*Supplied material*
= Beginning of Section =

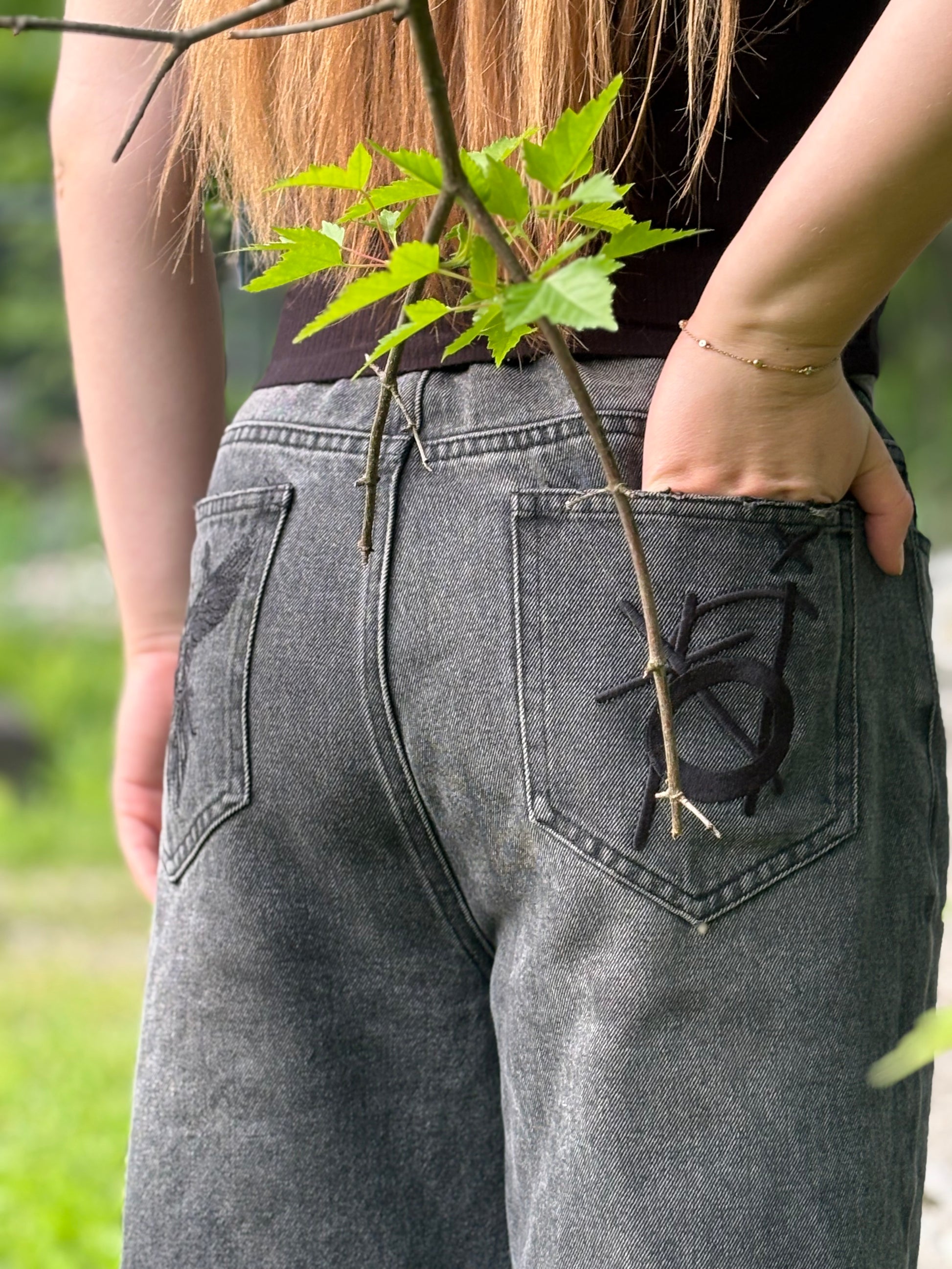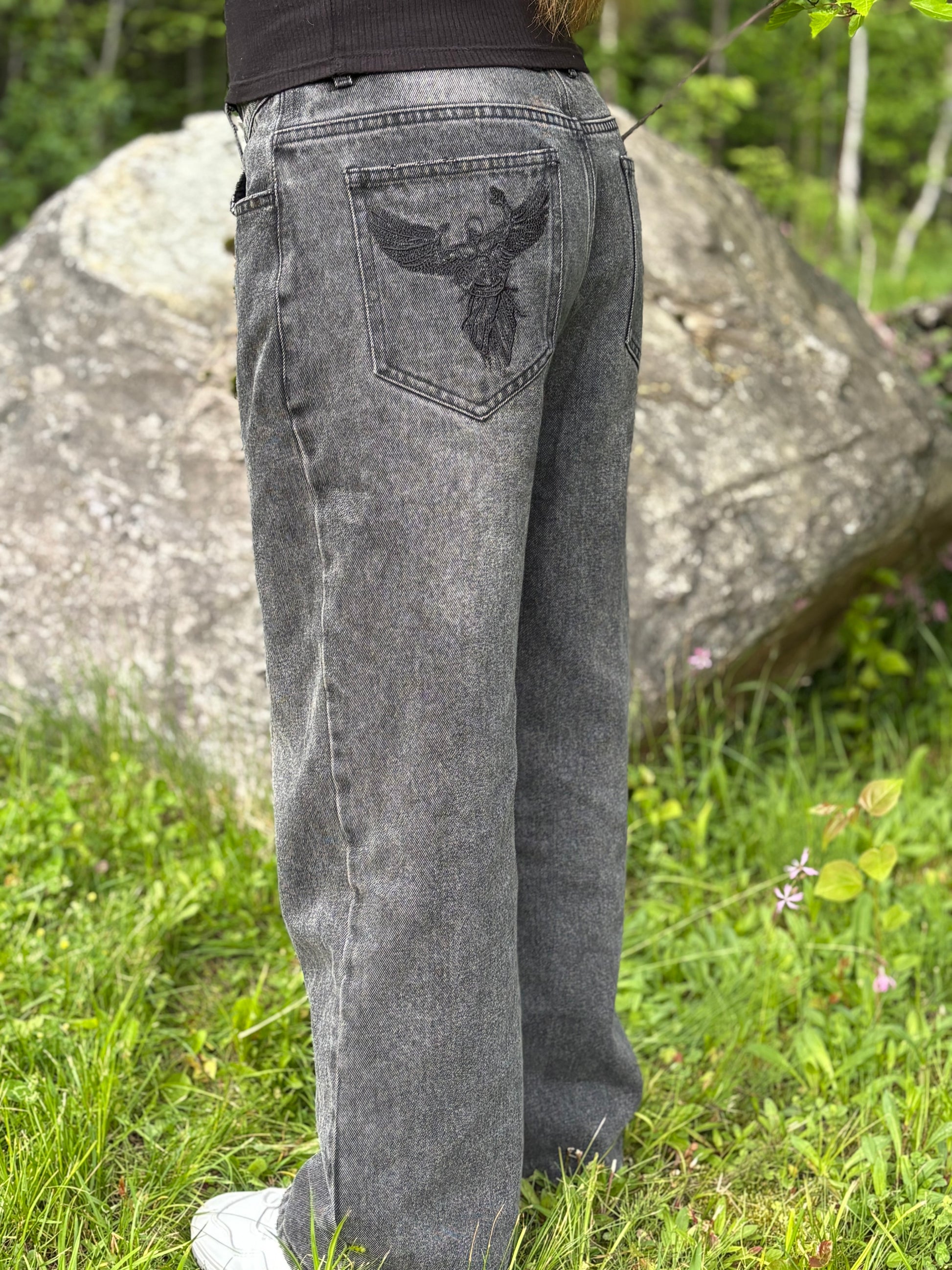 Not just jeans. Armor for the daily grind. Black denim, loose fit, embroidered angel & logo—walk your story, own your path.
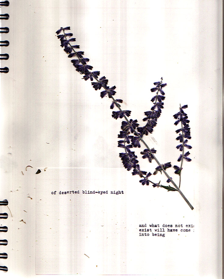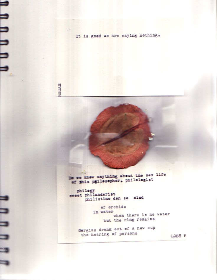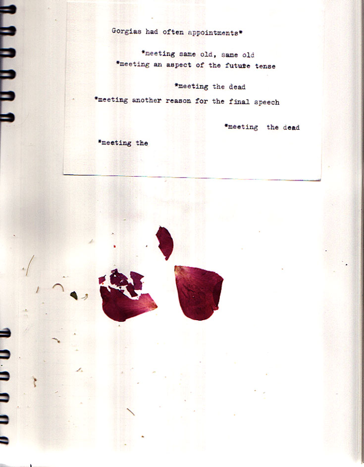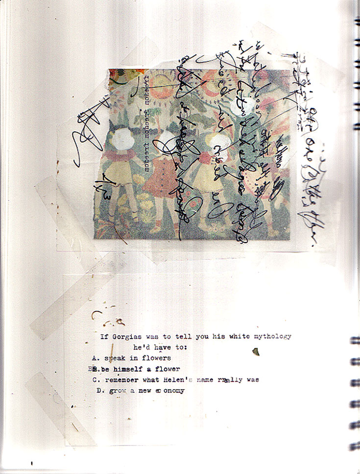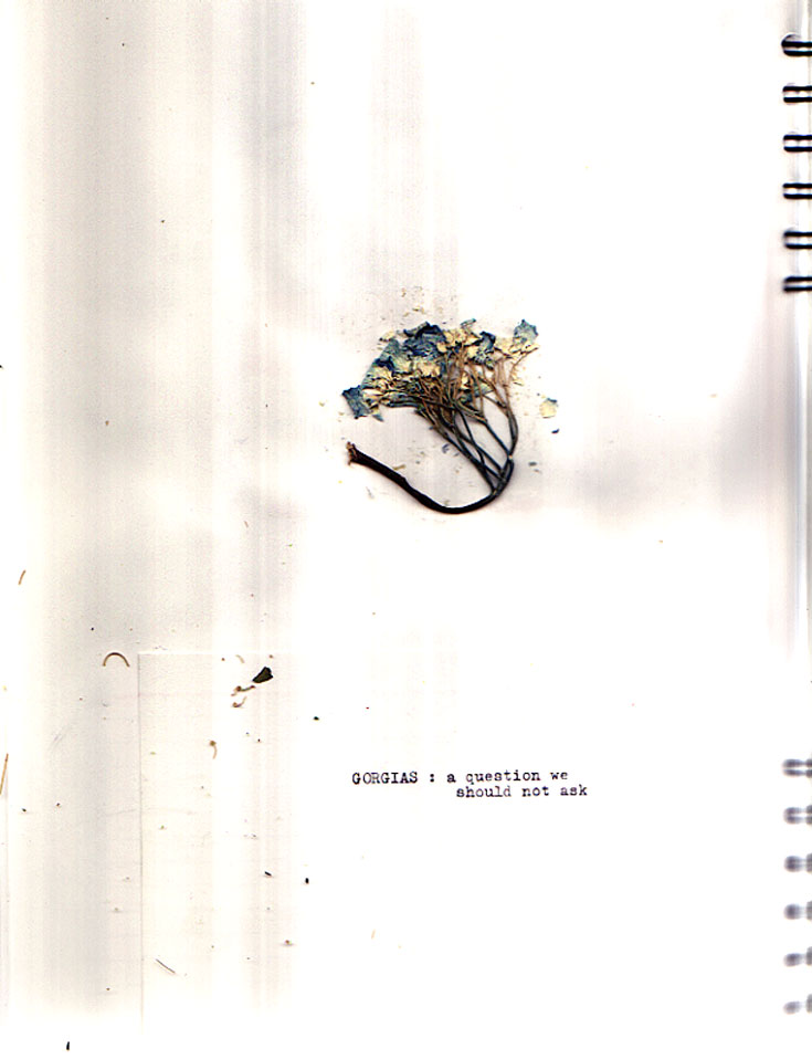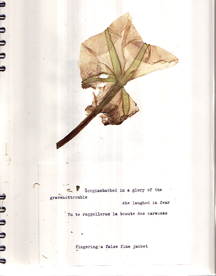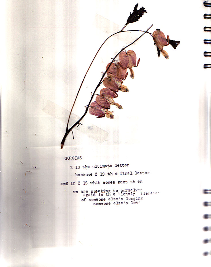 In part 3, "The Economy of Helen," the fragments of flowers and text twine together. The piece includes textual bits of phrases and lines from PreSocratic philosophers as well as a visual homage to Emily Dickinson's herbarium. It also marks the entrance of Gorgias as a character—both historically and symbolically—into the working of the entire 'poellage' (part poem, part collage). Materials in this section have been taken from the streets of New York City, the gardens of Amherst, as well as from elsewhere (c.f. balloon-parts from a recent book party). Maurice Blanchot wrote: "The fragmentary: writing belongs to the fragmentary when all has been said." Against this—or rather amidst this situation of remnants—the beauty of construction waits to be spoken.
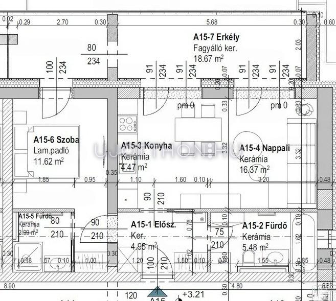Az A.L15 lakás az A épület emeletén helyezkedik el, belső udvari erkélyes kialakítással. Alapterülete 45,98 m² + 18,67 m² erkély. Kulcsrakész ára: 81.100.000 Ft.
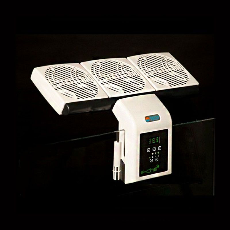 L'utilisation de ventilateurs dans l'aquarium a deux limitations majeures et Teco E-chill ne fait pas exception. La première est que la température dans le réservoir ne peut jamais être très inférieure à la température ambiante, et la seconde que la vitesse d'abaissement de la température elle-même dépend strictement de l'humidité. Les jours de forte humidité, la fonctionnalité d'E-Chill sera réduite au minimum. La synergie avec la glacière peut résoudre ces problèmes en nous permettant de toujours tirer le meilleur des deux mondes. Dans des conditions normales, Echill fonctionne avec une consommation d'énergie extrêmement limitée, mais dans les cas extrêmes, le refroidisseur récupère rapidement la température. La partie électronique est un thermostat chargé d'allumer et d'éteindre les ventilateurs et d'utiliser leur intensité sur trois niveaux, et est connecté à un capteur de niveau qui peut répondre et éteindre complètement l'E-chill pour éviter une évaporation excessive de l'aquarium. pour prévenir. Les sondes présentes sont en fait au nombre de deux, de niveau et de température. Ils sont situés sur les côtés du clip de fixation du verre.

= End of Section =

*Exercise*
Leave out the pictures and restate, word for word, the lines from the top of the data through the line containing "Az A.L15 lakás", both included.

*Response to the exercise*
 Not just jeans. Armor for the daily grind. Black denim, loose fit, embroidered angel & logo—walk your story, own your path.
 In part 3, "The Economy of Helen," the fragments of flowers and text twine together. The piece includes textual bits of phrases and lines from PreSocratic philosophers as well as a visual homage to Emily Dickinson's herbarium. It also marks the entrance of Gorgias as a character—both historically and symbolically—into the working of the entire 'poellage' (part poem, part collage). Materials in this section have been taken from the streets of New York City, the gardens of Amherst, as well as from elsewhere (c.f. balloon-parts from a recent book party). Maurice Blanchot wrote: "The fragmentary: writing belongs to the fragmentary when all has been said." Against this—or rather amidst this situation of remnants—the beauty of construction waits to be spoken.
Az A.L15 lakás az A épület emeletén helyezkedik el, belső udvari erkélyes kialakítással. Alapterülete 45,98 m² + 18,67 m² erkély. Kulcsrakész ára: 81.100.000 Ft.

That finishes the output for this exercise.